*REQUIREMENT:*
Copy out the whole listing exactly as written, leaving the pictures behind.

*DATA UNDER STUDY:*

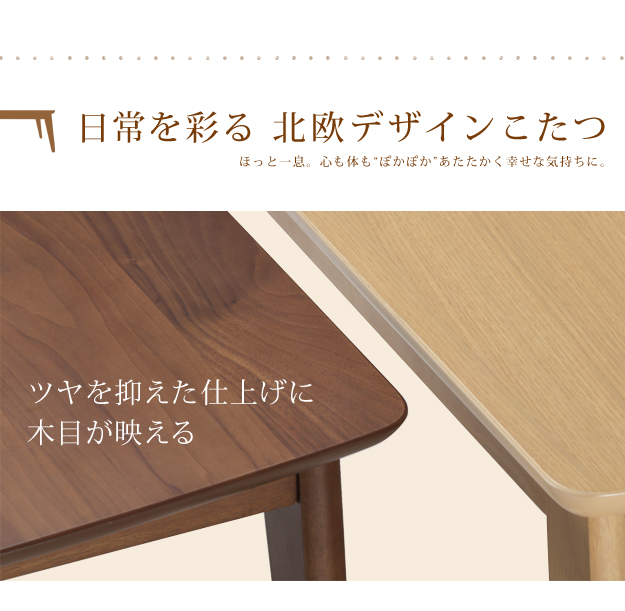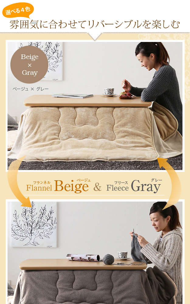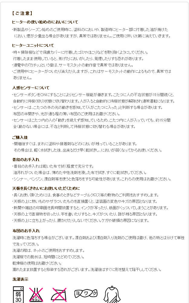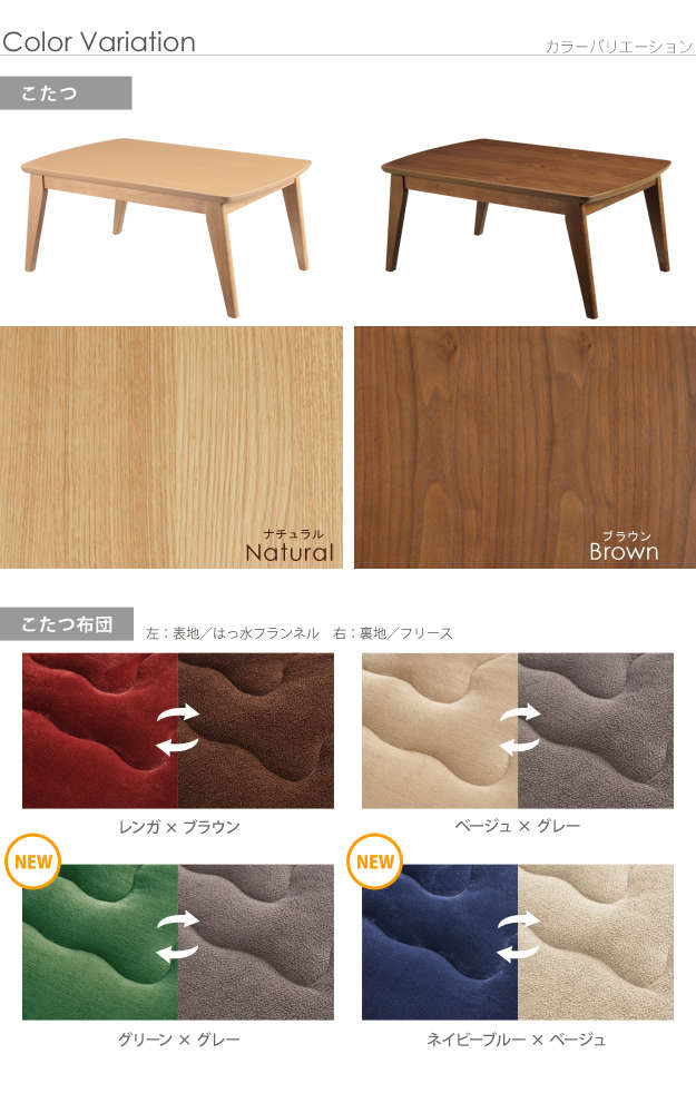 ●材質:こたつ天板-天然木化粧繊維板(ブラウン/ウォールナット・ナチュラル/楢)・ウレタン塗装、こたつ幕板・脚部-天然木(ラバーウッド)・ウレタン塗装、布団表地-ポリエステル100%(撥水フランネル)、布団コーナー・裏地-ポリエステル100%(フリース)、中綿-ポリエステル100%
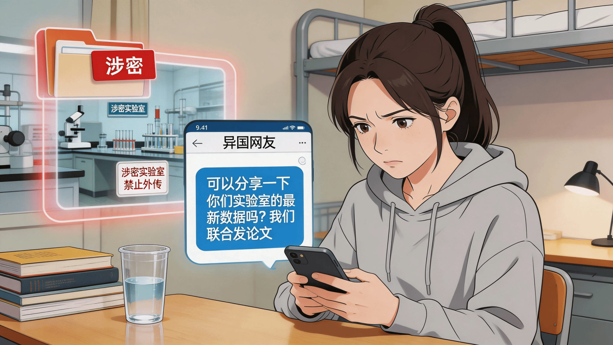 案例1(境外渗透类):境外人员伪装“异国网友”“学术伙伴”,以交友、联合发论文为由,套取专业科研数据、校园涉密场所照片。
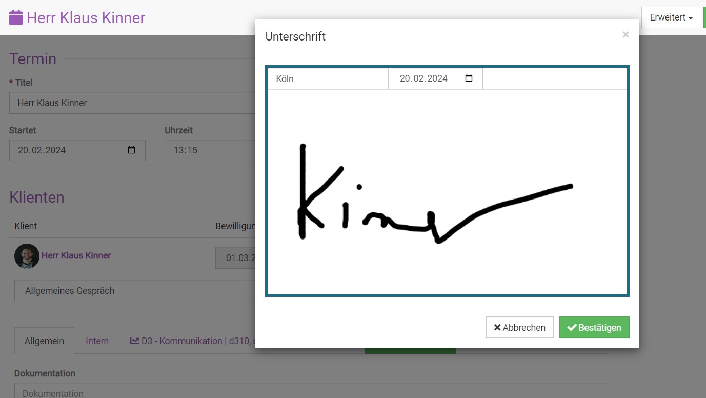 Es öffnet sich ein Fenster für die Quittierung, welches der Klient bzw. die Klient:in unterschreiben kann.
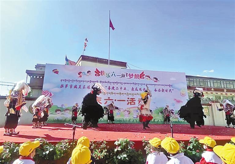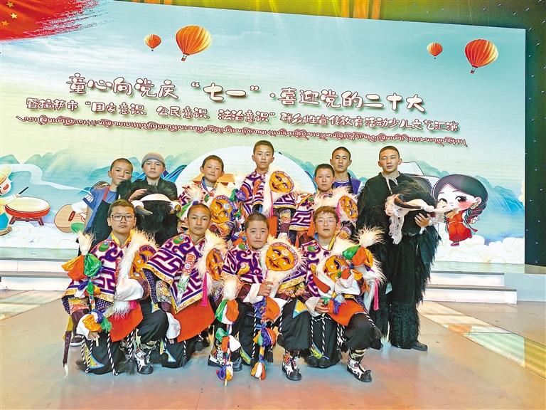 娘熱小學(xué)藏戲興趣班的孩子參加拉薩市相關(guān)演出活動(dòng)。
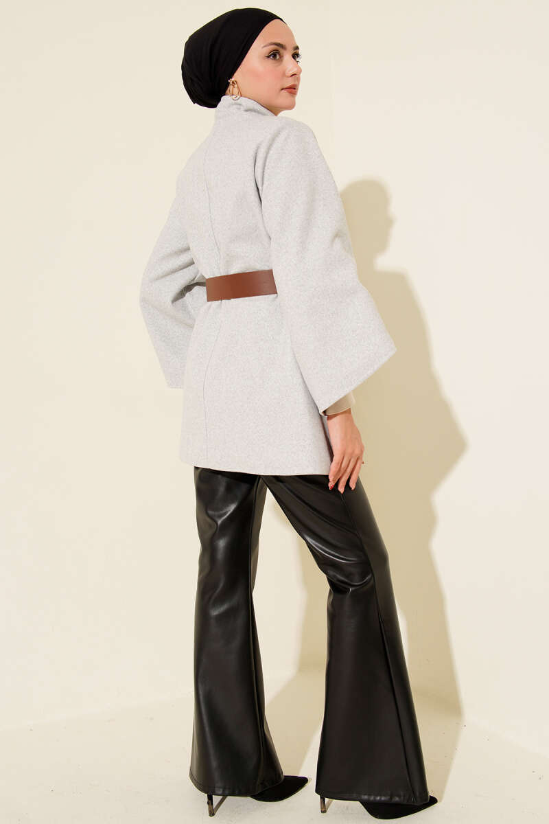 Gömlek Yaka Kemerli Panço Füme
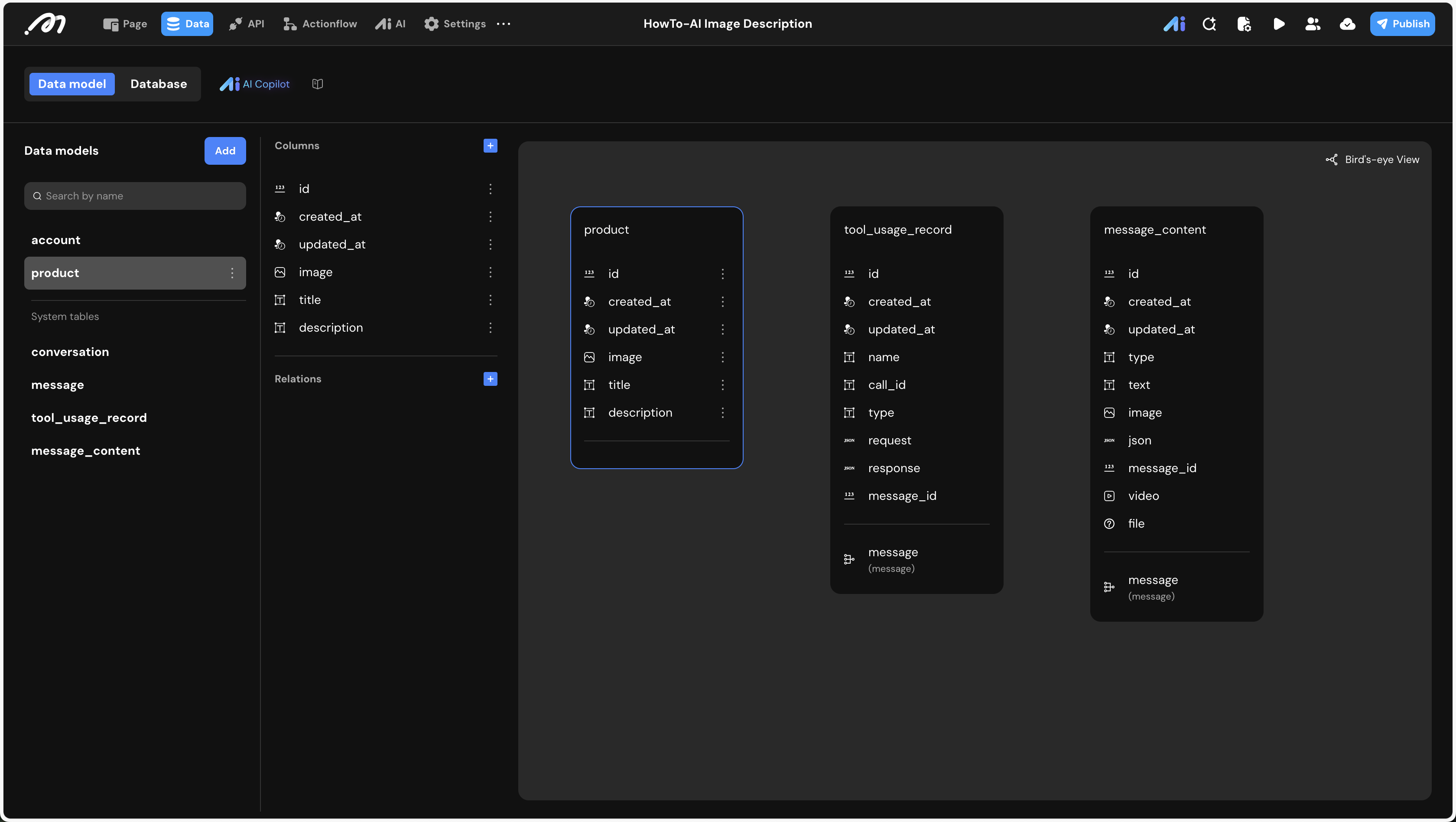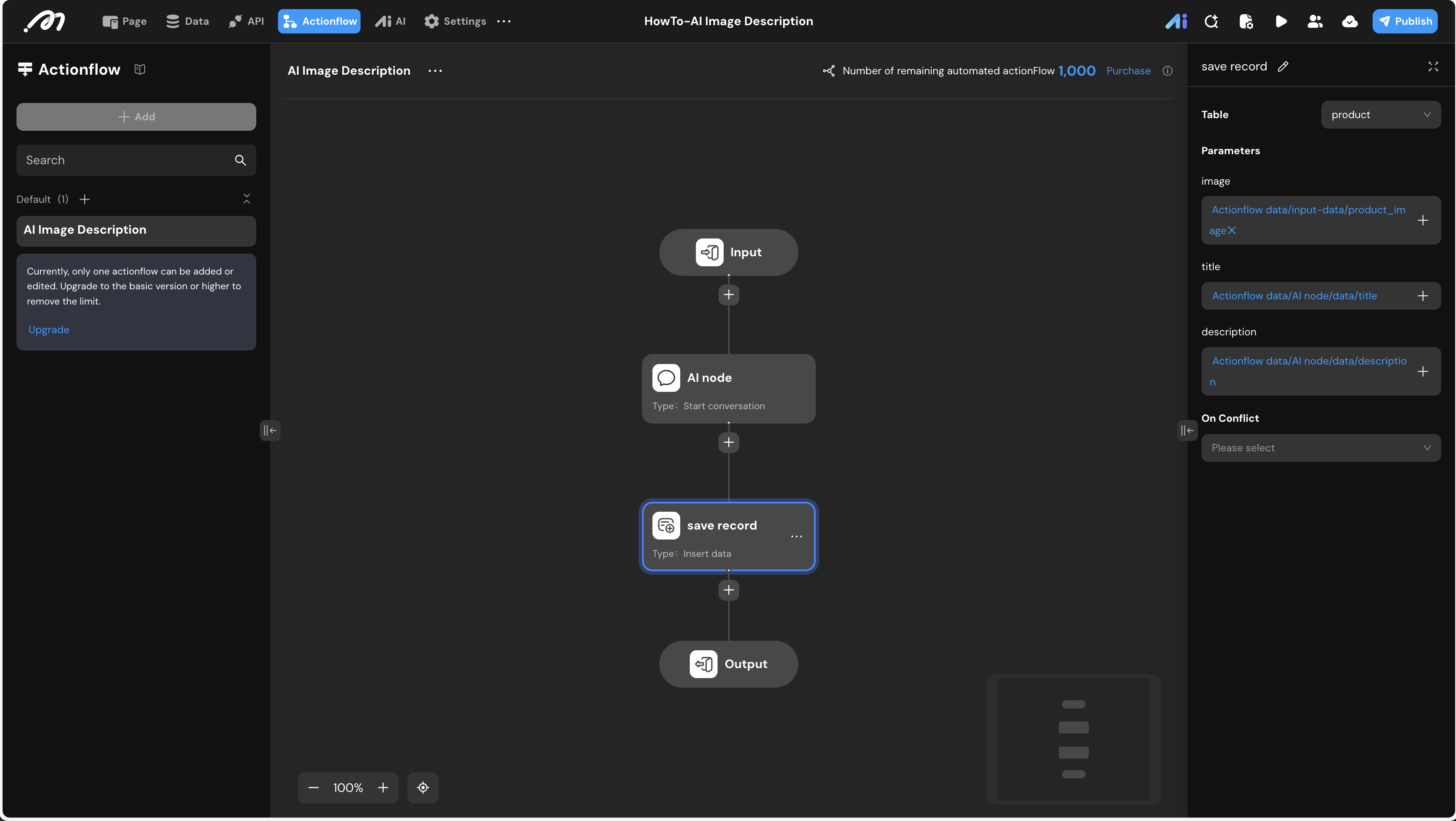 Actionflow data / AI node / data / description.
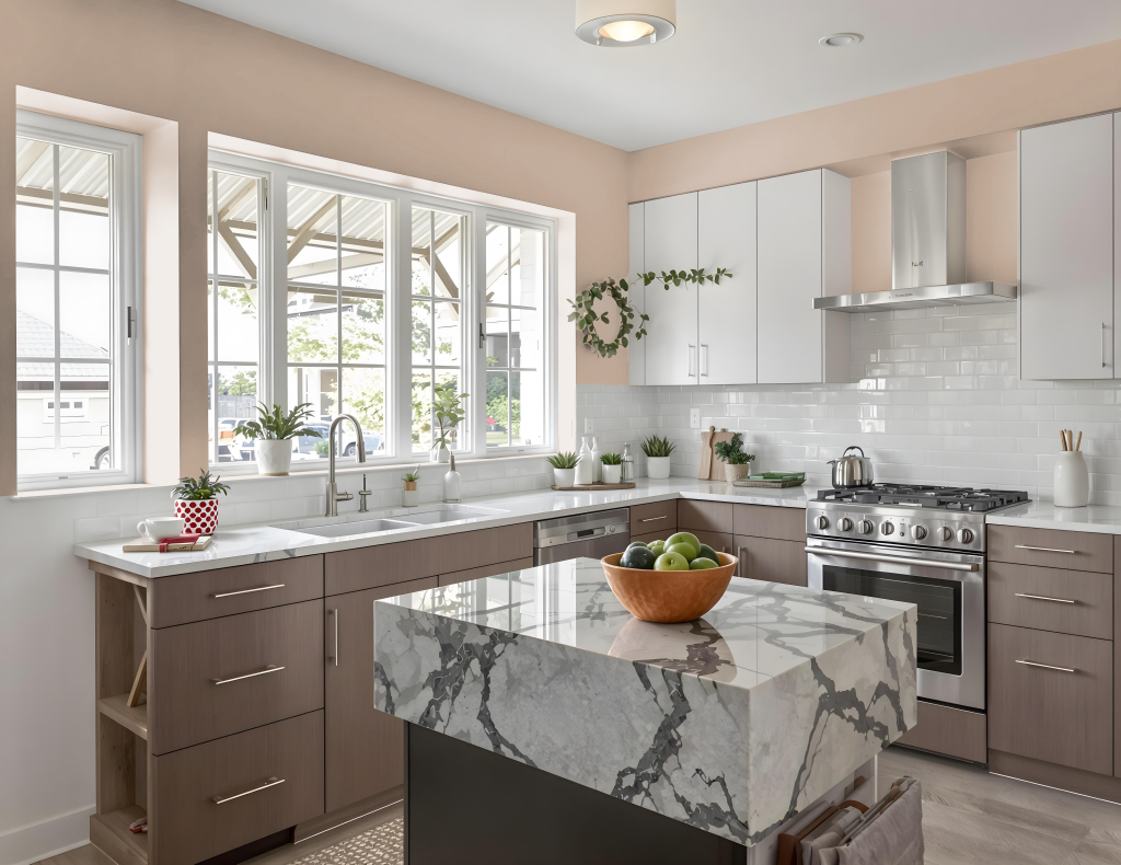 In addition, employing a monochromatic approach by varying the depth and intensity of Senses maintains a unified aesthetic, while light neutrals and soft grays reflect brightness to amplify the feeling of spaciousness. The incorporation of natural materials and earthy tones further contributes to a welcoming ambiance in the kitchen.

*RESULT FOR THIS EXERCISE:*
 ●材質:こたつ天板-天然木化粧繊維板(ブラウン/ウォールナット・ナチュラル/楢)・ウレタン塗装、こたつ幕板・脚部-天然木(ラバーウッド)・ウレタン塗装、布団表地-ポリエステル100%(撥水フランネル)、布団コーナー・裏地-ポリエステル100%(フリース)、中綿-ポリエステル100%
 案例1(境外渗透类):境外人员伪装“异国网友”“学术伙伴”,以交友、联合发论文为由,套取专业科研数据、校园涉密场所照片。
 Es öffnet sich ein Fenster für die Quittierung, welches der Klient bzw. die Klient:in unterschreiben kann.
 娘熱小學(xué)藏戲興趣班的孩子參加拉薩市相關(guān)演出活動(dòng)。
 Gömlek Yaka Kemerli Panço Füme
 Actionflow data / AI node / data / description.
 In addition, employing a monochromatic approach by varying the depth and intensity of Senses maintains a unified aesthetic, while light neutrals and soft grays reflect brightness to amplify the feeling of spaciousness. The incorporation of natural materials and earthy tones further contributes to a welcoming ambiance in the kitchen.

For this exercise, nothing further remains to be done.